Now, putting the values of x, y, and z in equation (6), we get
\[=\left( x-y-z \right)\]
\[=\log 20-\log \dfrac{8}{3}-\log \left( \dfrac{3}{4} \right)\] …………………………………..(7)
We know the property of logarithm, \[\log m-\log n=\log \dfrac{m}{n}\] ………………………….(8)
Now, from equation (7) and equation (8), we get
\[=\log 20-\log \dfrac{8}{3}-\log \left( \dfrac{3}{4} \right)\]
\[=\log \left( \dfrac{20}{\dfrac{8}{3}} \right)-\log \left( \dfrac{3}{4} \right)\]
\[=\log \left( \dfrac{60}{8} \right)-\log \left( \dfrac{3}{4} \right)\] …………………………….(9)
Simplifying equation (9) by using the property shown in equation (8), we get
\[=\log \left( \dfrac{60}{8} \right)-\log \left( \dfrac{3}{4} \right)\]
\[\begin{align}
  & =\log \left( \dfrac{\left( \dfrac{60}{8} \right)}{\left( \dfrac{3}{4} \right)} \right) \\
 & =\log \left( \dfrac{60\times 4}{8\times 3} \right) \\
 & =\log \left( \dfrac{240}{24} \right) \\
\end{align}\]
\[=\log 10\] ……………………(10)
We know the property, \[{{\log }_{a}}a=1\] ………………………….(11)
The base of log is 10.
Now, transforming equation (11), we get
\[=log10={{\log }_{10}}10\] ……………………………….(12)
Using the property shown in equation (11) and simplifying equation (12), we get
\[{{\log }_{10}}10=1\] .
Therefore, the value of \[\left( x-y-z \right)\] is 1 ………………….(13)
In part (b), we have to prove the equation \[{{5}^{{{\left( x-y-z \right)}^{2}}}}=5\] .
In the LHS of the above equation, we have \[{{5}^{{{\left( x-y-z \right)}^{2}}}}\] ………………………….(14)
The RHS of the equation is equal to 5 ……………………………………(15)
From equation (13), we have the value of \[\left( x-y-z \right)\] equal to 1.
Now putting the value \[\left( x-y-z \right)\] in equation (14), we get
\[{{5}^{{{\left( x-y-z \right)}^{2}}}}={{5}^{{{1}^{2}}}}={{5}^{1}}=5\] ……………………….(16)
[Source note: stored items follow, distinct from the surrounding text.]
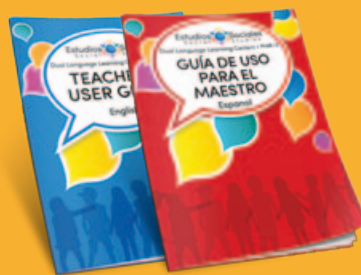
Teacher's User Guide in English and Spanish
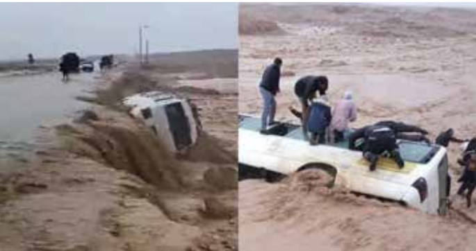
Screen grabs from a video circulating online shows rescuers in action on a bus caught in the flash flood

In Jordan’s Petra thousands of visitors had to be evacuated from a famed archaeological site as heavy rains triggered flooding at the UNESCO World Heritage Site. Amman Net reported that the evacuations were done to ensure the safety of the visitors. Reportedly due to the heavy rains water from surrounding mountains poured down into the city located in the south of the kingdom. As per estimates circulating on social media websites close to 1,700 have been evacuated. Official sources as per Jordan News said that an inci- dent involving a bus that was
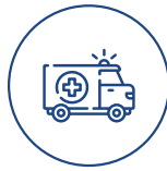
24/7 medical & ambulance facility
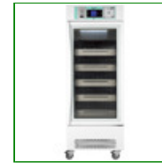
Blood Bank 360 Pack with Glass Door

Capacity: 110 Packs 1200mm H x 520mm W x 605mm D Product Code: FPD-09666
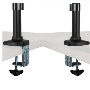
Supplied with a desk clamp that can attach either to the rear or side of a desk or through a grommet hole
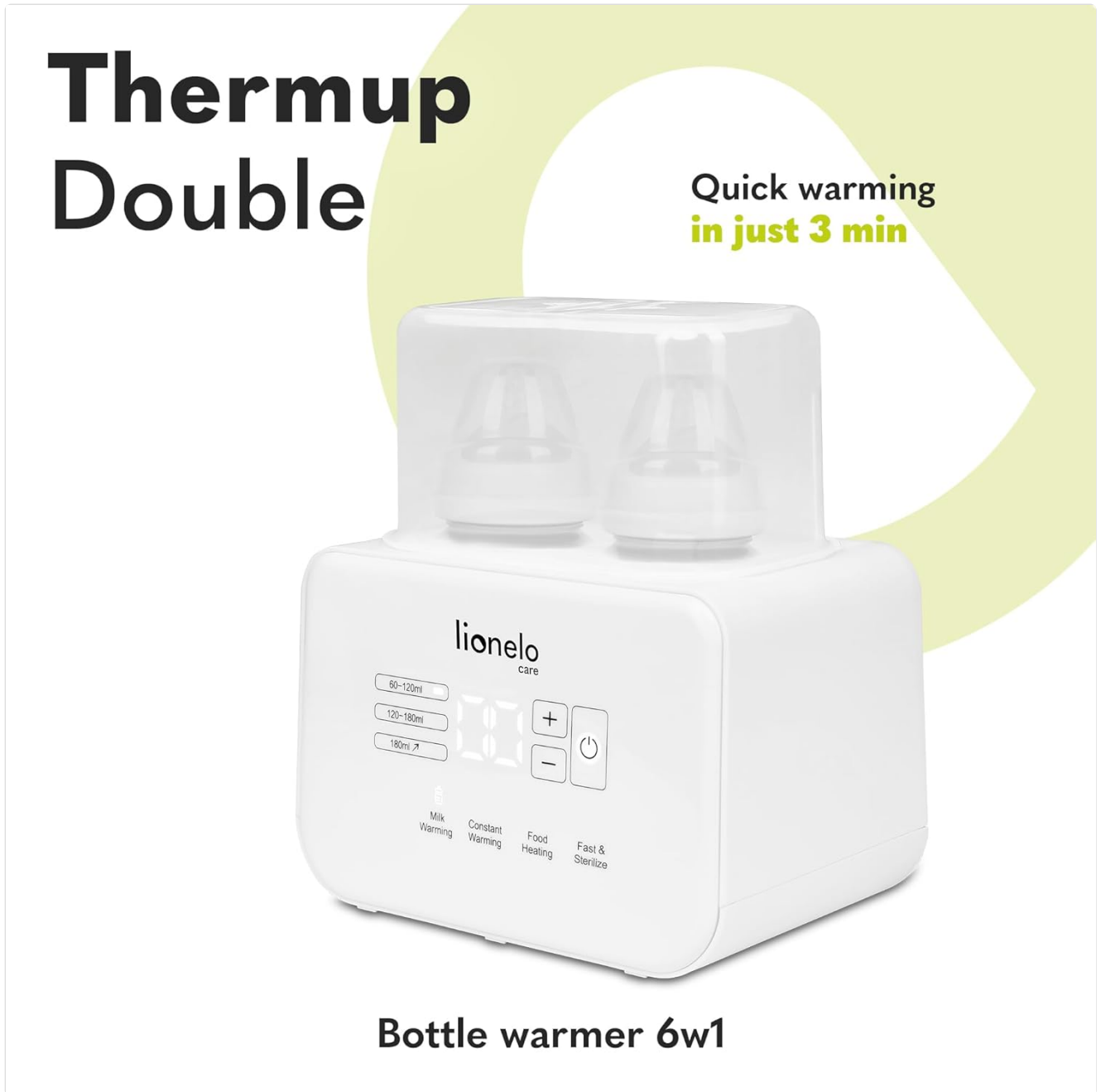
Image: The bottle warmer highlighting its quick warming capability, stating it can warm in just 3 minutes, which is beneficial for urgent feeding needs.
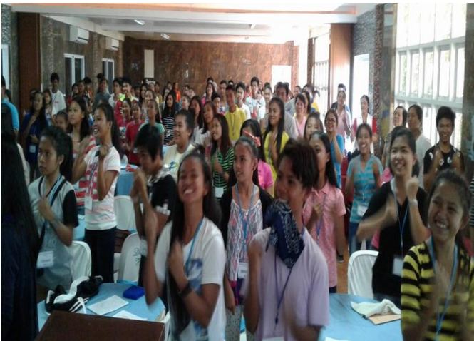
The students wholeheartedly participate in the spiritual enrichment session and icebreaker.
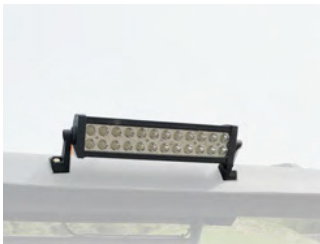
Front LED PN: 18921-R
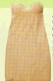
ALL OVER SLIMMING COMFORT CONTROLWEAR SMOOTHING SLIP, $51, FLEXEES.COM

Try an all-in-one bra, slip, and shaper for a tighter tummy and smoother silhouette. Wearing an all-in-one garment is more comfortable than wearing multiple undergarments.
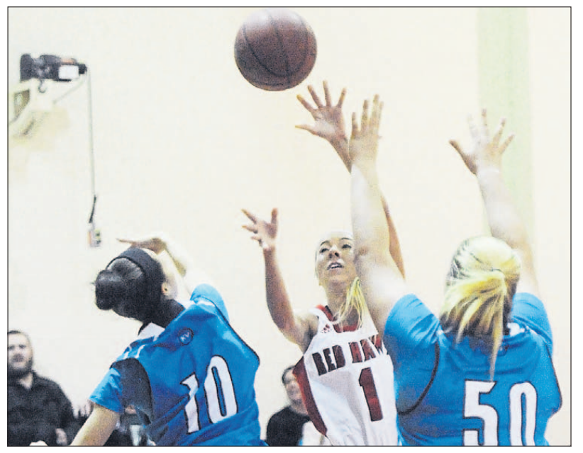
Don Campbell / HP staff See more photos:heraldpalladium.mvcapture.com

In the men's game, LMC (1-0, 4-8) led nearly the entire way, holding a 41-25
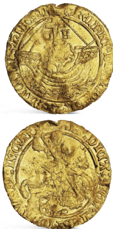
The George Noble of Henry VIII & Katherine of Aragon found in the backyard of a Tudor house in Chiltern Hills in January this year. It sold in September for $30,000.

On the day the coin was rapidly bid up to £15,600 [$30,000]. ■

After solving the LHS, we get 5 and from equation (15) we have the RHS equal to 5. So,
LHS = RHS.
Hence, proved.

Note: In this question, one might take the base of log equal to e and then get the value of \[{{\log }_{e}}10\] . This is wrong because the base of log is equal to 10. So, we have to keep in mind that the base of log is equal to 10. Care must be taken while applying the logarithmic properties. While simplifying the expression (x-y-z), we must take the corresponding terms properly and apply the property. This is another step where students tend to make silly mistakes.